#### [Provided data]

——————

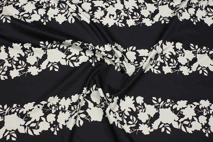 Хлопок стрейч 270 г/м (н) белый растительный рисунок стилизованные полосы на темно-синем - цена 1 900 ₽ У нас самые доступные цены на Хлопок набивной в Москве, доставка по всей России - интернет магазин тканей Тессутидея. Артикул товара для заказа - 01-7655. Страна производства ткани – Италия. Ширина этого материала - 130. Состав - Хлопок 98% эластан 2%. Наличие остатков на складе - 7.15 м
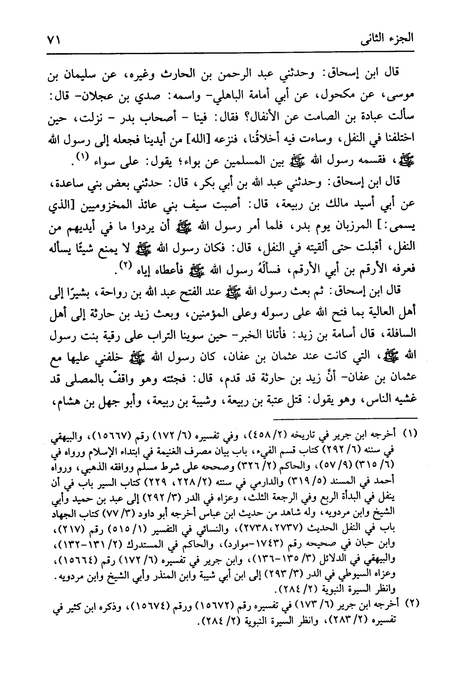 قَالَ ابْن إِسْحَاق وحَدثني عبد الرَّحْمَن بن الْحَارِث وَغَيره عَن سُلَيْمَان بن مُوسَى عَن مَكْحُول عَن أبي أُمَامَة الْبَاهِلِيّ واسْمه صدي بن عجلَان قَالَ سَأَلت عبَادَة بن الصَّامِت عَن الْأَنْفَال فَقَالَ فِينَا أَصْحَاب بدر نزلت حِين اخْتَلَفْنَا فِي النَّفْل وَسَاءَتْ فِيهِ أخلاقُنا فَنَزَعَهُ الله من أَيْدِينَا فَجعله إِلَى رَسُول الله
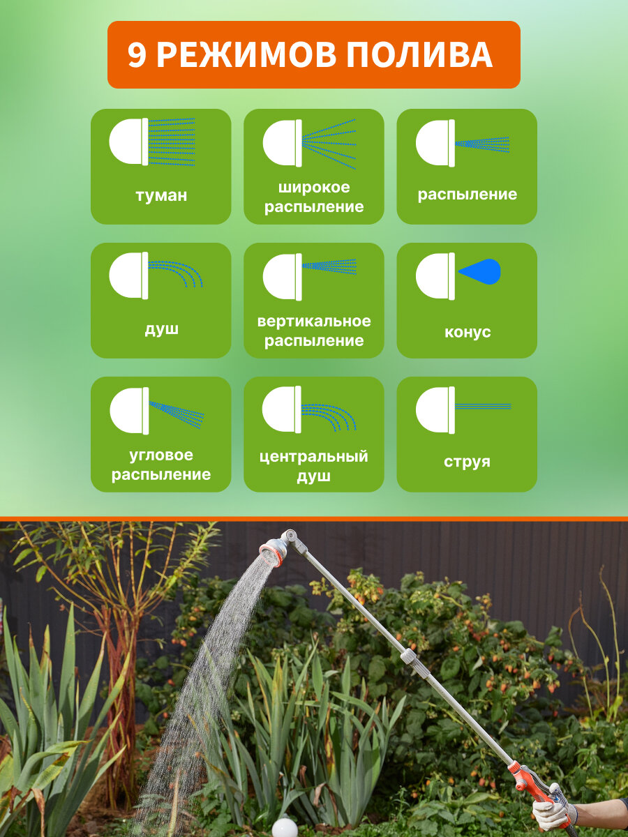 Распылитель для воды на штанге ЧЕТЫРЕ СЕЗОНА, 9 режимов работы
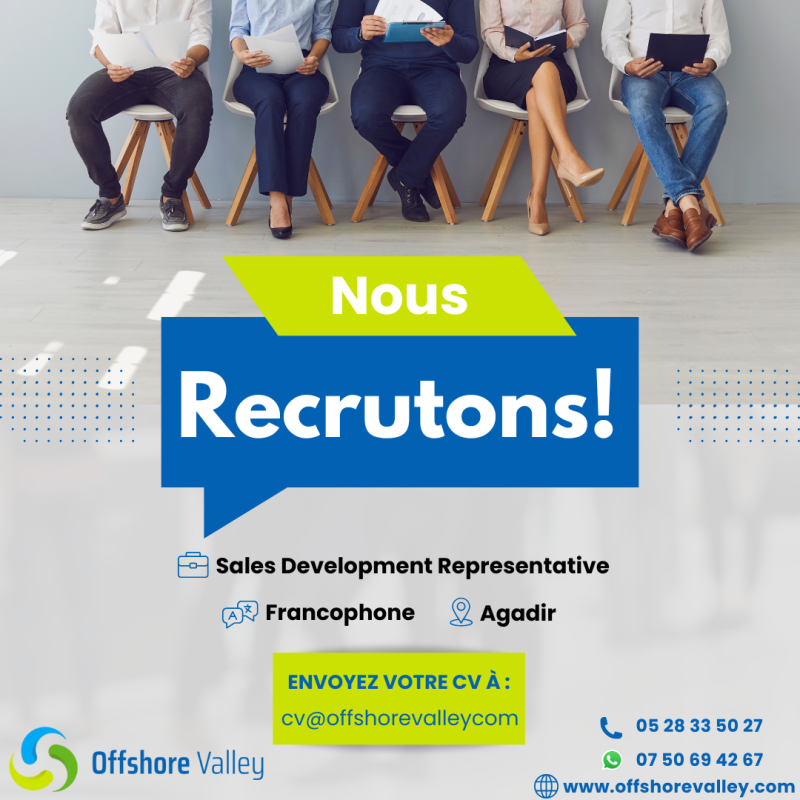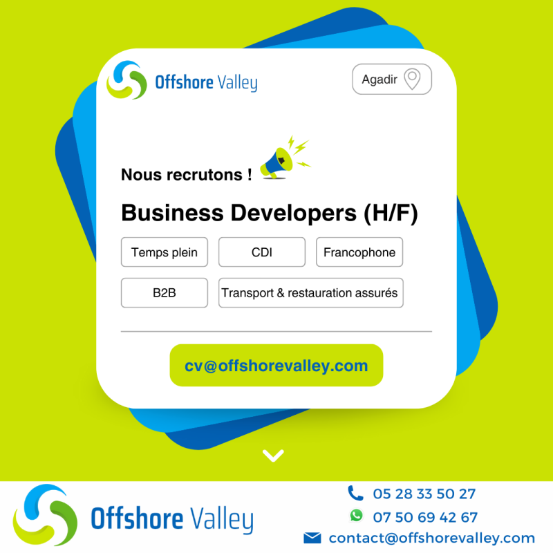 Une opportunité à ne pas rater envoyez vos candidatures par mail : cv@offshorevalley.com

——————

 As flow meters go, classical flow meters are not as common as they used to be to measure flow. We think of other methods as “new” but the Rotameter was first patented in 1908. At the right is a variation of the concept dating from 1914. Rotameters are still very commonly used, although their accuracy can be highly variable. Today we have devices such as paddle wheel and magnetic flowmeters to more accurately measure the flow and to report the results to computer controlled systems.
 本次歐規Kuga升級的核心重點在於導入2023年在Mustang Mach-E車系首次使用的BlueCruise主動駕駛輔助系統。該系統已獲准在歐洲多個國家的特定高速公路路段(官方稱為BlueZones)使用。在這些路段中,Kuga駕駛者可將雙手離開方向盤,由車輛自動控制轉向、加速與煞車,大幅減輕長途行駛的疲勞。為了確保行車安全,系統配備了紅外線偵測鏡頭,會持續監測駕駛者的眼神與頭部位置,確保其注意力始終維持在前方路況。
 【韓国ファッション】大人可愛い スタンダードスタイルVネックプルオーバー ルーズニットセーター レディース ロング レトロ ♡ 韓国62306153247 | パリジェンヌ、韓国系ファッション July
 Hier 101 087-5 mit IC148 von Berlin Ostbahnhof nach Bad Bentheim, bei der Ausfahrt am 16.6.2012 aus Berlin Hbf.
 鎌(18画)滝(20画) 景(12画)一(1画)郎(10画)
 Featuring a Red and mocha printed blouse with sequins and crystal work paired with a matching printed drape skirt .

——————

Output, from the data above, the lines from the line with "本次歐規Kuga升級的核心重" to the line with "Featuring a Red" exactly as they stand, both ends included and nothing else.

 本次歐規Kuga升級的核心重點在於導入2023年在Mustang Mach-E車系首次使用的BlueCruise主動駕駛輔助系統。該系統已獲准在歐洲多個國家的特定高速公路路段(官方稱為BlueZones)使用。在這些路段中,Kuga駕駛者可將雙手離開方向盤,由車輛自動控制轉向、加速與煞車,大幅減輕長途行駛的疲勞。為了確保行車安全,系統配備了紅外線偵測鏡頭,會持續監測駕駛者的眼神與頭部位置,確保其注意力始終維持在前方路況。
 【韓国ファッション】大人可愛い スタンダードスタイルVネックプルオーバー ルーズニットセーター レディース ロング レトロ ♡ 韓国62306153247 | パリジェンヌ、韓国系ファッション July
 Hier 101 087-5 mit IC148 von Berlin Ostbahnhof nach Bad Bentheim, bei der Ausfahrt am 16.6.2012 aus Berlin Hbf.
 鎌(18画)滝(20画) 景(12画)一(1画)郎(10画)
 Featuring a Red and mocha printed blouse with sequins and crystal work paired with a matching printed drape skirt .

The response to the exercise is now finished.